Los chicos dejaban de hablar un momento cuando pasaba la joven madre, y luego reanudaban su conversación en un tono un poco más bajo. Era atractiva pero reservada. «¿Por qué no hablas con ella, Ed?», bromeó uno aquel sábado por la mañana. (Le gustaba proponer a los demás los placeres que él mismo no se atrevería a intentar). «Ven, habla con ella en el vestíbulo. ¿Por qué no lo haces, Ed?». Pero Ed, el viajante de ropa interior femenina, que estaba tomándose unos días libres a mitad de camino en su ruta habitual hacia el Sur, mordió el extremo de su cigarro y volvió a ajustar su pañuelo de seda azul marino. «Tengo mis propios planes, muchas gracias». Su número de habitación era, desde luego, el que más a menudo recibía llamadas telefónicas.
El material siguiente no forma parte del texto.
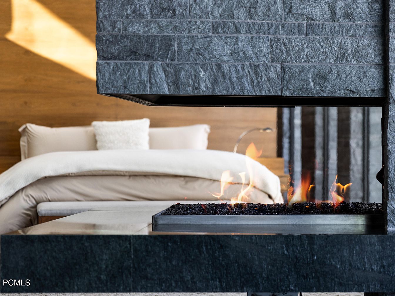 This inviting bedroom exudes modern elegance, featuring a striking dual-sided fireplace that beautifully separates the sleeping area and living space. The warm wooden accent wall behind the plush, inviting bed adds a touch of natural coziness and warmth to the room. A soft, neutral color palette enhances the serene atmosphere, with layered bedding and decorative pillows adding depth and comfort. Sleek, contemporary furniture complements the overall design, while the flickering flames from the fireplace create an ambiance perfect for relaxation. This space seamlessly combines style and comfort, making it ideal for family gatherings or quiet evenings.

Aquí estaba ya el botones, un pequeño indio con una cabeza de tiesos cabellos negros que parecían púas de puercoespín y con una voz como la de un muñeco de ventrílocuo, gritando el número de Ed a lo largo de la terraza: «¿Dos-cero-ocho?… ¿Dos-cero-ocho?».

El viajante entró para contestar su llamada, pero los demás chicos, preguntándose si deberían bajar al club a jugar al snooker, aún pudieron verla en la esquina, mirando hacia un lado y luego hacia el otro, antes de que cruzara delante del puesto de los zulúes, de los rickshaw que hacían susurrar en los tobillos sus brazaletes hechos de cáscaras de cacahuetes y agitaban las cabezas adornadas con cuernos y plumas, como si el viento las hubiera levantado de pronto. Evidentemente, el niño se había asustado, porque ella apretó el paso, arrastrándole como si fuera un cachorro con una cadena. Y luego desapareció. La playa se esparcía entre la gente como retazos rutilantes; tantos niños ensordecedores, tantas mujeres tumbadas boca abajo que nadie podía saber dónde se había metido o detrás de qué revista se ocultaba.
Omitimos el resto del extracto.